Being mostly staunchly Catholic for my whole life and exclusively attending Catholic school up until that point, it was a whole new experience for me. In school I had only learned Catholics' point of view on things (and born-agains but that's a whole different story) and my amazing, funny, Italian, good looking.....I mean my professor had us read things like The Koran and Zen and the Art of Archery. He grew up Catholic in Italy but now is nothing specific, although he believes in God. He, along with college in general, really taught me to open my sheltered eyes to new things.

Anyway he had us watch "What Dreams May Come" one day in class and I was too intent on trying not to cry in front of the class to enjoy it fully. I just watched it again and it's so stunning to me. The visuals are awesome and the storyline got to me as well. It's really what I'd want and expect an afterlife to be like. You make your own heaven, your own body, and "sinners" get punishments that fit their crimes (kinda like Dante's Inferno, also amazing) but you can be reincarnated if you wish. Sounds good to me.

The movie was really powerful but also makes me realize that anything could happen after death, which I really wish my mom would realize.

I'm afraid for her sanity lately. She clings to religion and uses it for everything.
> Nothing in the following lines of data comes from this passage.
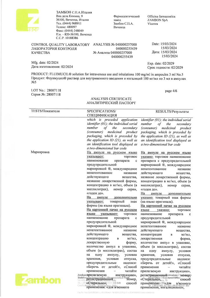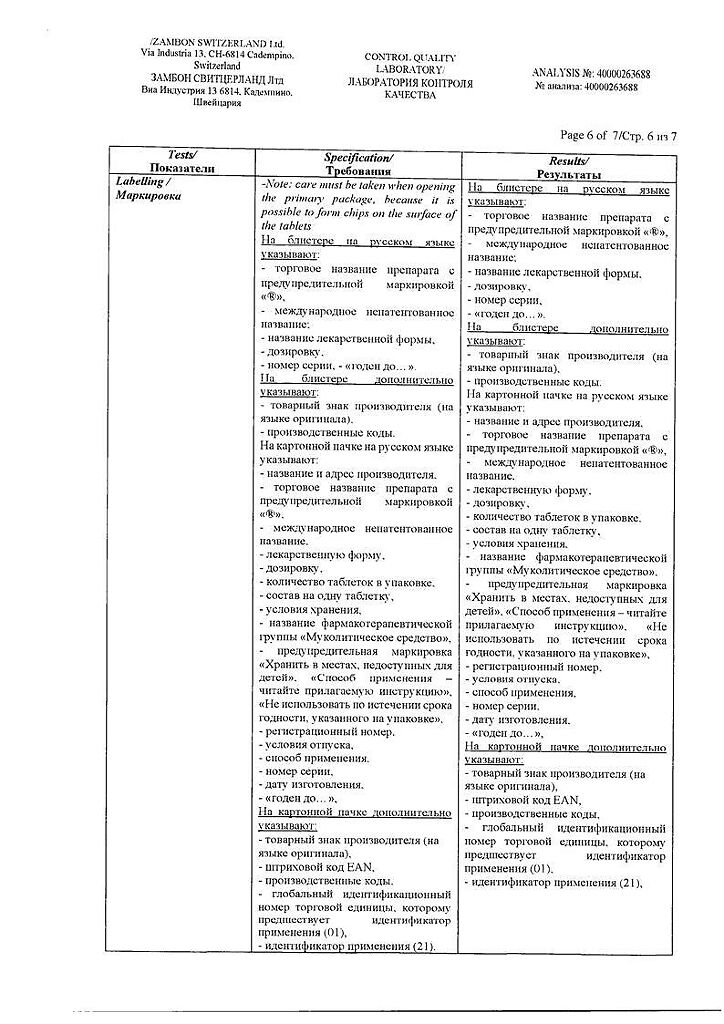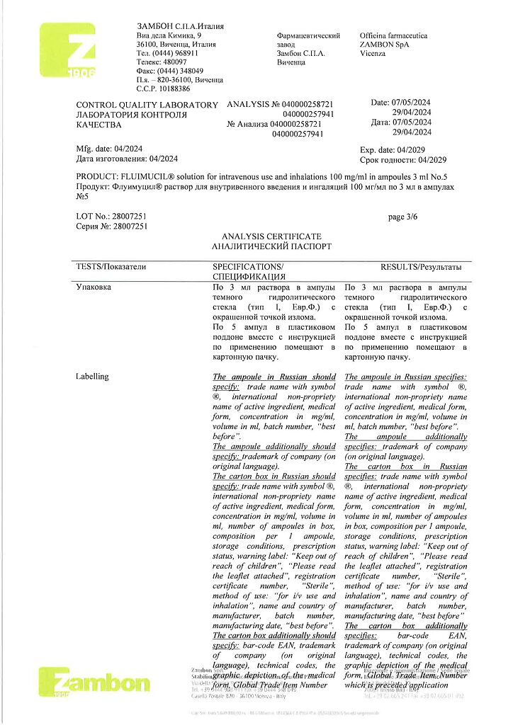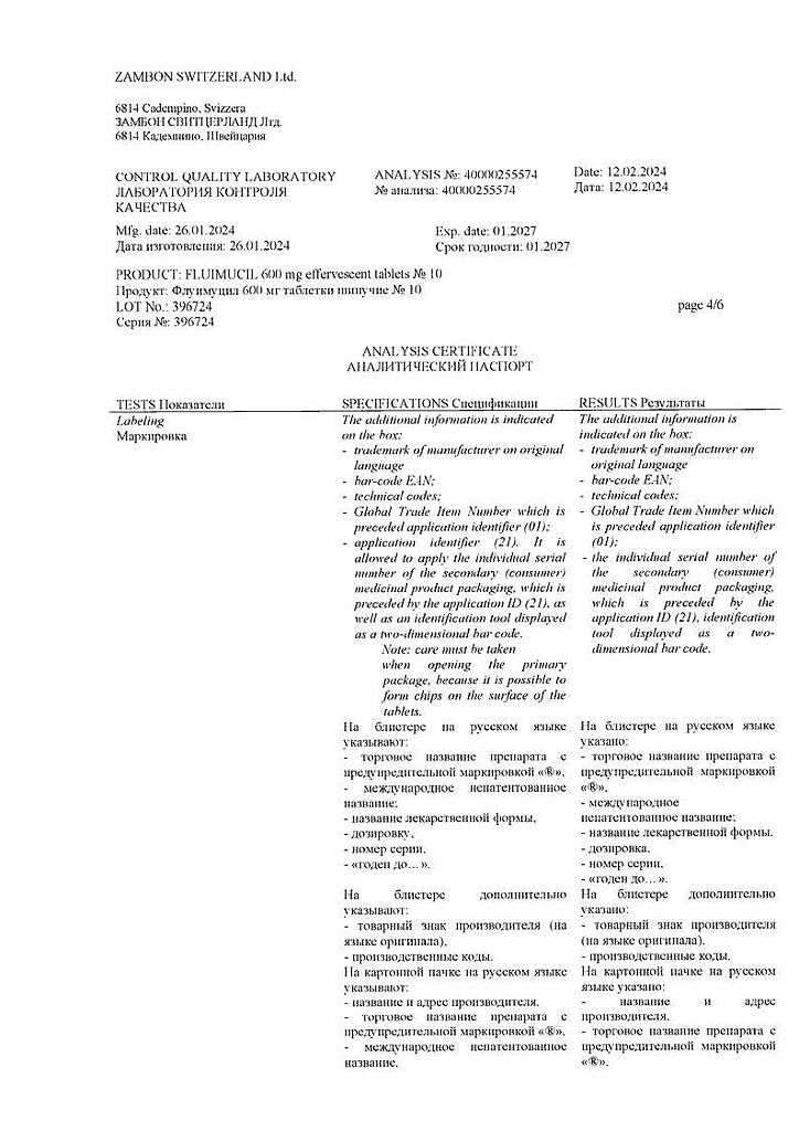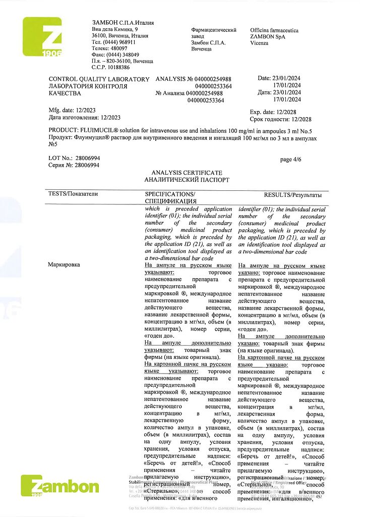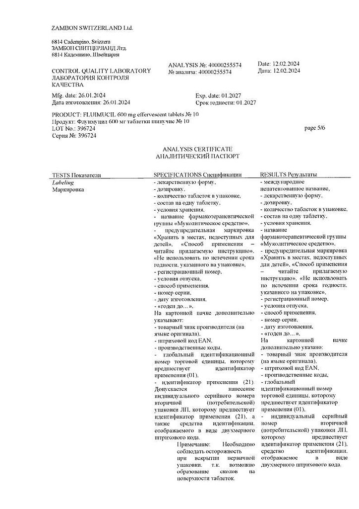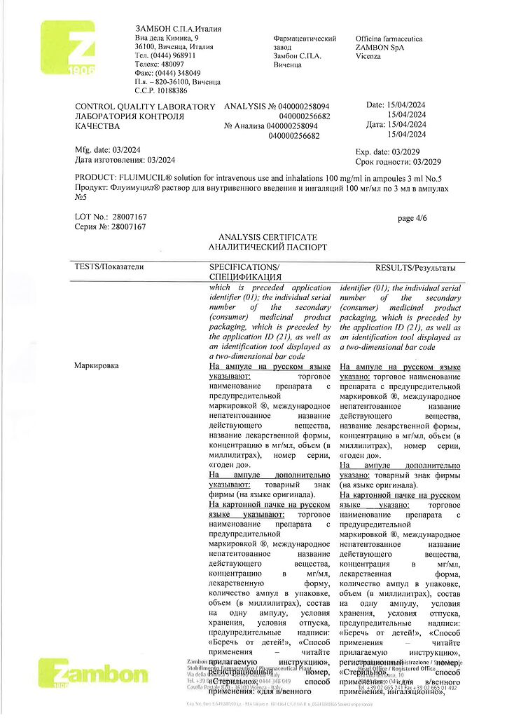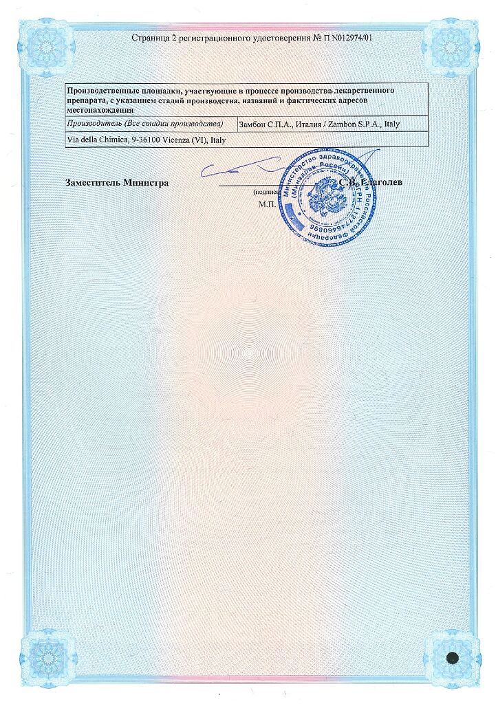 Производитель: ЗАМБОН СВИТЦЕРЛАНД ЛТД., Швейцария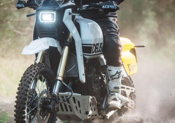 l kit rally di Deus comprende poi le citate protezioni al radiatore, il guida catena e la relativa protezione, il paramotore di alluminio e porta attrezzi Yamaha, e i paramani Acerbis.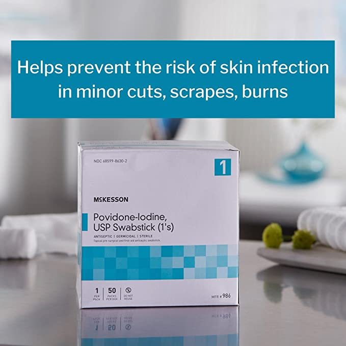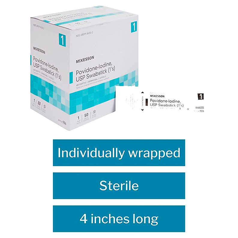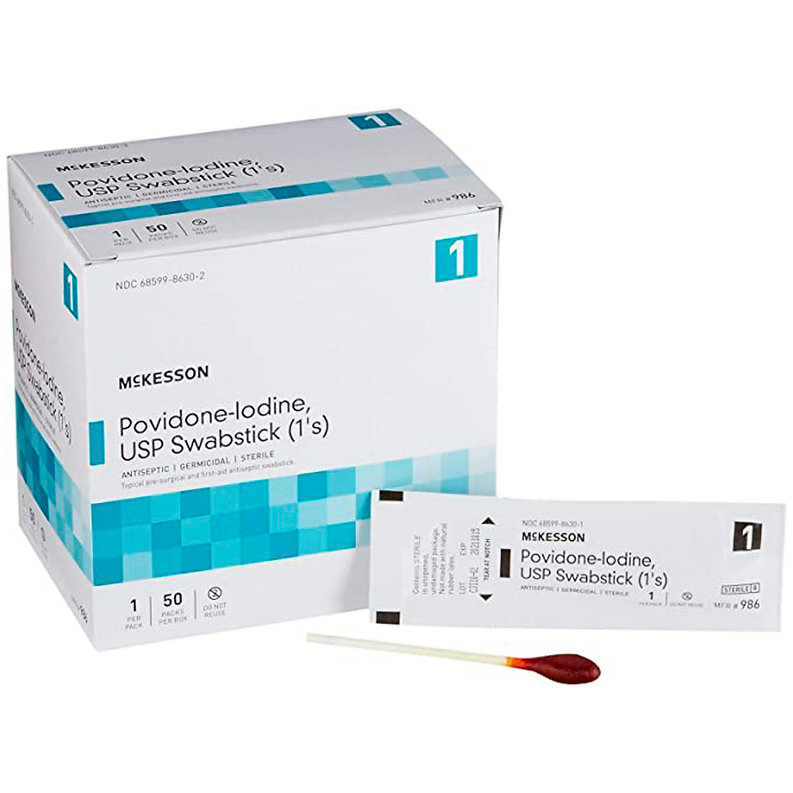 McKesson Povidone-Iodine Impregnated Swab Stick, Sterile – 4 in, 50 Sticks, 1 Pa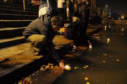 De petites embarcations en papier, fleuries, supportent des chauffe-plats et sont lâchées sur les eaux aux sons des cloches qui tintinnabulent sans cesse. Une occasion parfaite de râler après un religieux qui vous demande des roupies pour vous avoir béni et plâtré le front. (non mais! on avait rien demandé !) Bref un joli moment, encore et toujours extrêmement vivant.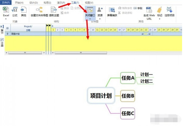 2.在工具菜单栏找到甘特图,点击打开窗口,在画布上方显示MindMapper甘特图窗口。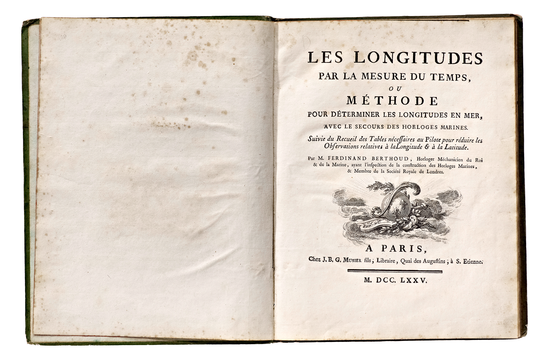 "Les longitudes par la mesure du temps ou méthodes pour déterminer les longitudes en mer avec le secours des horloges de marines" (Longitude by time measurement, or a method of finding longitude at sea with the aid of marine chronometers), followed by the appropriate sight-reduction tables to calculate longitude from celestial observations.(96 pages + 34 tables + 1 planche)

It's really bothering me that she told me I was "living in sin" the other day (because I live with Andrew). I said "well you're living in the 1920s" which I don't think heped much. I've never thought my parents would be ashamed of anything that I've done, they've always been proud. Certainly my dad could care less that I live with a boy and why would he, he's not religious and he's a hippie.

I really just don't understand how people can be so close minded and I hate it. Why, if two people are in love and plan to be together in the long run, shouldn't they live together? I said that very thing to her and she just said "hmph". I'm actually crying now and I don't know why. I know she's just being ridiculous and it's not like she mentions it every day but I always felt very close to her and I don't want her to hate any part of my life. Well maybe it's so I can move to California and not feel guilty about leaving her. Why the hell do I have to be Italian AND Catholic? That's like a double-whammy of guilt complexes. *sigh*

Tangents tangents, aren't they great? I may have more philosophical discussion about a totally different subject later tonight, inspired by an old high school friend's myspace blog. Stay tuned.

Comments

Anonymous said…
Tying your last two posts together, I agree... People are most scared of things they don't understand.

I think that in cases where religion plays a vital role in a persons life... they are simply using it as a tool to justify their perception of how the world should be so that they don't have to question the reality of it all.

By the way... spiders that walk at different angles, and snakes that move sideways when moving are scary because they are unpredictable!